Colorado’s Democratic U.S. senators and representatives asked the federal agency regulating Medicaid on Tuesday to reconsider a decision that won’t let Colorado keep toddlers and former prisoners covered.

In November, under the Biden administration, Colorado received approval from the federal Centers for Medicare and Medicaid Services to cover children up to age 3 without requiring their parents to go through the process of repeatedly proving they qualify. Previously, children who qualified at birth were automatically covered by Medicaid for 12 months, which will continue.

The change also would allow the state’s Medicaid program to cover adults leaving prison during their first year back in the community. Both provisions are scheduled to take effect in January, under a law the legislature passed in 2023.

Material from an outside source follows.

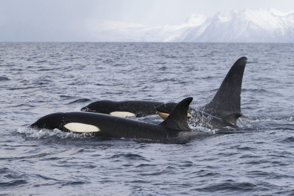 Killer whales are highly social animals, living in complex societies that have enabled different ecotypes to develop distinct “languages”, cultures, lifestyles, and even genomes. While the structure of the pods and the bonds between individuals can vary from one group to another, orcas typically live in pods ranging from a few to over 20 individuals, often spanning three to four related generations. These societies are matriarchal, with the oldest female serving as the pod‘s leader.

But in July, CMS announced it would no longer approve new changes of that type, or extend existing ones. Dr. Mehmet Oz, the agency’s administrator in the Trump administration, said allowing people to remain enrolled when they would have become ineligible would increase costs and direct resources away from “the truly vulnerable.”

The Colorado Department of Health Care Policy and Financing, which runs Medicaid in the state, said the changes would allow people to remain eligible despite fluctuations in income.

Young children need insurance coverage to keep up with their check-ups and developmental screenings, it said, and people leaving prison are at high risk of hospitalizations and overdoses.

 

Given CMS’ decision, however, the department is no longer working to implement the changes, spokesman Marc Williams said. Officials are still working out how to follow all aspects of the law, given that the legislature ordered it to do something that the federal agency will no longer allow, he said.

Sen. Michael Bennet, Sen. John Hickenlooper, Rep. Diana DeGette, Rep. Brittany Pettersen, Rep. Jason Crow and Rep. Joe Neguse, all of Colorado, urged CMS to reconsider in a letter Monday. They said the state’s data showed that children who received continuous coverage were more likely to use primary care and less likely to end up in a hospital.

“Children with coverage are more likely to get care early rather than to allow a simple ailment to turn into a more complex — and more expensive — one,” they wrote in the letter.